Introducing Explosion AI

Oct 3, 2016
6 minute read
Blog
Matthew Honnibal
Ines Montani

The problem with developing a machine learning model is that you don’t know how well it’ll work until you try — and trying is very expensive. Obviously, this risk is unappealing, but the existing solution in the market, one-size-fits-all cloud services, are even worse. We’re launching Explosion AI to give you a better option.

Update (March 2018)

In December we were pleased to release our first commercial product, our annotation tool Prodigy. In just a few months, we’ve been able to welcome hundreds of developers into our new community. Unfortunately, this means we’re not currently available for new consulting projects. However, we still believe that the best way to do AI is in-house – one-size-fits-all solutions still don’t work, and we don’t see that changing.

For the last two years, we’ve been developing spaCy, one of the leading NLP libraries.
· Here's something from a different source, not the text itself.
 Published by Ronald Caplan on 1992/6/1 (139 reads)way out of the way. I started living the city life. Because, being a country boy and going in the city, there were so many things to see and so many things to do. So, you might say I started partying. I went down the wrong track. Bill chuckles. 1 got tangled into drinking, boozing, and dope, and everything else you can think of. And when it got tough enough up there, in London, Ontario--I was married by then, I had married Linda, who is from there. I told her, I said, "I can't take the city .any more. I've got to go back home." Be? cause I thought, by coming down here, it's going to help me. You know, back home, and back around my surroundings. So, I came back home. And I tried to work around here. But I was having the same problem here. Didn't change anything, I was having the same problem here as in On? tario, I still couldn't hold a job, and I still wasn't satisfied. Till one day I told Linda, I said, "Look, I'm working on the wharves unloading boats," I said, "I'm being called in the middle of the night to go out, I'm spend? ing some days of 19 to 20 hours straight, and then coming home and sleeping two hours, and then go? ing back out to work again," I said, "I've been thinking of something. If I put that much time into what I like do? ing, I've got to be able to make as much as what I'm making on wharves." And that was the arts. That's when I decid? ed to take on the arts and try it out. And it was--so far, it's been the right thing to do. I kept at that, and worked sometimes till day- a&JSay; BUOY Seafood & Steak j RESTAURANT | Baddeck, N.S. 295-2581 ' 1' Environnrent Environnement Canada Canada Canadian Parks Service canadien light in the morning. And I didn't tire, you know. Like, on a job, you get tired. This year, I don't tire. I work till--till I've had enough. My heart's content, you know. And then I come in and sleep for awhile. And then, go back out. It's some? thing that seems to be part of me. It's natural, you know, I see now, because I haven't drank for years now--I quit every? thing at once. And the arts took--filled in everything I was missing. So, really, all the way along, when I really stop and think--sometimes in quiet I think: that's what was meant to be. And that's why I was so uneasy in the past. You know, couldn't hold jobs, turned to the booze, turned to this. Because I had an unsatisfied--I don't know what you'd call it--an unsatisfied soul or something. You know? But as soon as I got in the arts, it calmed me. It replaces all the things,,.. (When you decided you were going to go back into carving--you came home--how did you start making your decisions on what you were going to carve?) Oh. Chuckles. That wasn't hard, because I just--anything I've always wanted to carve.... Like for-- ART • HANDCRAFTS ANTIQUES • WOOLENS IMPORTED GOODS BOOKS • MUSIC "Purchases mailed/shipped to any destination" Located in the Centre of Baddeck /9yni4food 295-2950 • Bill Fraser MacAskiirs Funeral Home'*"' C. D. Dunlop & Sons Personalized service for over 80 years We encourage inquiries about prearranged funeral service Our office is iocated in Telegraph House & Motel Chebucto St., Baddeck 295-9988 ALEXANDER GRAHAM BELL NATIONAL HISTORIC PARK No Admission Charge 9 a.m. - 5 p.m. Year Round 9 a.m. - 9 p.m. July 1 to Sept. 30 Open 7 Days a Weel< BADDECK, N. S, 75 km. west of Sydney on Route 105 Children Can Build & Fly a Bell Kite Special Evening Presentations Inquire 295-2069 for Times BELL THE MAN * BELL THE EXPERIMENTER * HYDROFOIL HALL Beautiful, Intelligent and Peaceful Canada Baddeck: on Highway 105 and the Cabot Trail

Matt left academia to write spaCy in 2014. Ines has been working on it since early 2015. Now dozens of companies are using spaCy in production, in combination with the rest of Python’s awesome open-source ecosystem.
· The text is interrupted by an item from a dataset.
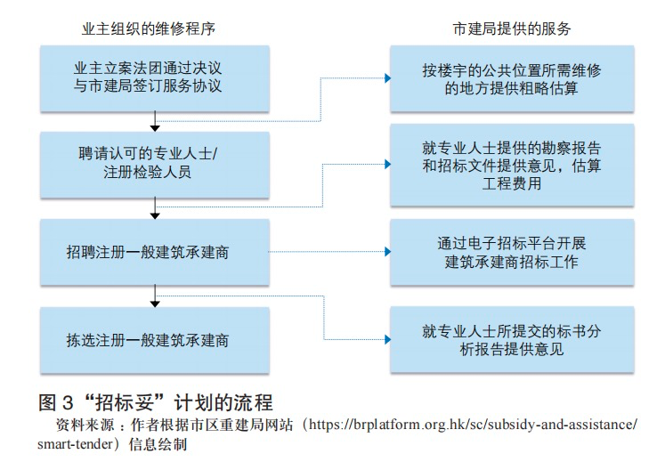 一方面,特区政府通过政策施压,驱动市建局实施复修重设策略。通过《市区重建策略》等政策文件赋予市建局复修重设等职责,并通过前文所述的人事任命、预算审批权以及述职要求等,确保市建局实现政府愿景。在此驱动下,市建局推出“招标妥”计划、楼宇维修综合支援计划等一系列资助计划,帮助业主开展楼宇复修。

Most companies that use spaCy in production use it for machine learning. Machine learning is now considered a “solved problem”. This is true, but only in a fairly academic sense. If you get good at reading research papers, it’s not too hard to find a suitable design. With enough experience, you’ll also be able to implement the system fairly quickly. If you’re doing research, you’re done now. If you’re not, you can now start working on your problem.

A Digital Studio for AI and NLP

If you want your product to make good use of AI technologies, you’re probably going to need your own training and evaluation data. You’ll also need to pick the right system from the recent literature and adjust an implementation to suit your requirements. The best AI products won’t be built from boxed solutions. Instead, they’ll be built from custom software, and in particular, custom data. However, building these assets in-house is expensive and extremely risky. Here’s what we’re offering instead:

We want to build you custom statistical models. You come to us with a business problem, and we’ll suggest a way to translate it into a machine learning problem. We’ll also figure out whether you need new data assets, and quote you a price. What we can’t do is quote you an accuracy figure, because performance is too difficult to predict. Instead, we’ll give you a trial.

To make this a bit more concrete, here are three examples:

Let’s say you’re GitHub. You tell us about a planned feature that will flag duplicate issues. We suggest a model that will take two pieces of text and return a similarity score. You’ll be able to train it on all the public issues users have flagged as duplicate, and then “fine-tune” it for enterprise users. You give us some trial data to work with, along with a deposit. Two months later, we ship you some binaries for onsite testing. If the tests go well, we ship you the source and documentation.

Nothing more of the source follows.